Caramelized Bourbon Apples
Baked apples are deconstructed, then reassembled as towers of pastry, pastry cream, and bourbon-laced stewed apples. The gold-and-cream stack gives no hint of the flavor twist hidden inside.
Ingredients
- Puff Pastry Cookies
- Frozen puff pastry - one, 16 x 10-inch sheet, thawed
- Confectioners’ Sugar - 2 cups
- Pastry Cream
- Egg Yolks - 3
- Sugar - 6 tablespoons
- Cornstarch - 1 tablespoon
- Milk - 1 cup
- Vanilla Extract - 1⁄2 teaspoon
- Triple Sec - 1 tablespoon
- Heavy Cream - 2 tablespoons
- Bottled Apple Butter - 2 tablespoons
- Caramelized Bourbon Apples
- Granny Smith apples - 3
- Butter - 2 tablespoons
- Vanilla Beans - 1 whole, split
- Brown Sugar - 1⁄2 cup, firmly packed
- Bourbon - 1⁄2 cup
- Cinnamon - 1 teaspoon, ground
- Grated Nutmeg - 1⁄2 teaspoon
- Whipped Cream
- Heavy whipping cream - 1 cup
- Confectioners’ Sugar - 1⁄4 cup
- Mint sprigs - for garnish
- Candied violets - optional
Instructions
To prepare the pastry: Line a large baking sheet with parchment paper. Roll out the pastry 1⁄8-inch thick on a lightly floured surface. Transfer to a baking sheet and dust the top with confectioners’ sugar. Cover with a sheet of parchment paper, and place a second baking sheet on top to prevent the pastry from rising. Refrigerate 2 hours.
Preheat the oven to 350 F. Slice the pastry into twelve 1⁄4-inch thick squares and dredge in confectioners’ sugar. (The “cookies” will resemble sweetened crackers.) On a surface that has been lightly coated with confectioners’ sugar, roll each piece to 1⁄8-inch thickness. Return the pastry to the baking sheet and bake in the preheated oven for 15 to 20 minutes or until brown. Remove from the oven and let cool.
To prepare the pastry cream: In a large heatproof bowl whisk together the egg yolks, sugar, and cornstarch (the mixture will be very stiff). Add the milk and whisk until the cornstarch is completely dissolved. Transfer the mixture to a large, heavy-bottomed saucepan, place over medium-low heat, and cook just until it comes to boil. Simmer, whisking constantly, about 2 minutes or until very thick. Transfer the hot pastry cream to a clean heatproof bowl and add the vanilla, cream, and triple sec. Cool. Cover the surface with buttered waxed paper to prevent a “skin” from forming. Chill the pastry cream at least 2 hours and up to 2 days. Whisk the pastry cream before using, and add 2 tablespoons of apple butter.

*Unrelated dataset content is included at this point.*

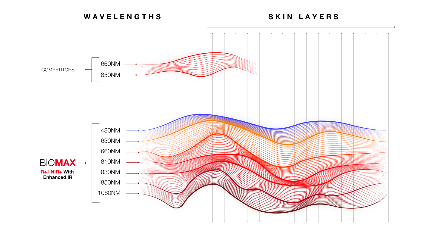 All of our BIOMAX models include our patent-pending R+ | NIR+ spectral output featuring the seven wavelengths of 480nm, 630nm, 660nm, 810nm, 830nm, 850nm and 1060nm. This optimized spectral output closely matches the body’s absorption profile, maximizing ATP production and mitochondrial stimulation within key therapeutic zones.

To prepare the caramelized bourbon apples: Peel, halve lengthwise, and core the apples. Slice them thinly crosswise. In a saute pan brown the butter. Add the vanilla bean. Add the apples to the pan and cook until softened but still firm. Sprinkle in the brown sugar and cook until melted. With a slotted spoon remove the apples to a clean plate. Pour bourbon into the pan and cook, stirring constantly, about 1 minute until the sauce is smooth and syrupy. Remove the pan from the heat and add the cinnamon and nutmeg.
To make the whipped cream: Place the whipping cream in the well-chilled bowl of an electric mixer fitted with a well-chilled balloon whip. Whip on high until the cream is frothy. In a steady stream add the sugar and whip until the cream begins to form soft peaks.
To assemble: On individual dessert plates place one cookie, cover with 2 tablespoons of pastry cream, and 1⁄3 cup of sautéed apples. Place a second cookie on top and continue layering with another 2 tablespoons of pastry cream, and 1⁄4 cup of sautéed apples. Top with a third cookie, and dust with confectioners’ sugar. Garnish each plate with 4 tablespoons of the syrup left in the apple cooking pan, 3 tablespoons of whipped cream, and a sprig of mint. If desired, decorate the rim with crushed candied violets.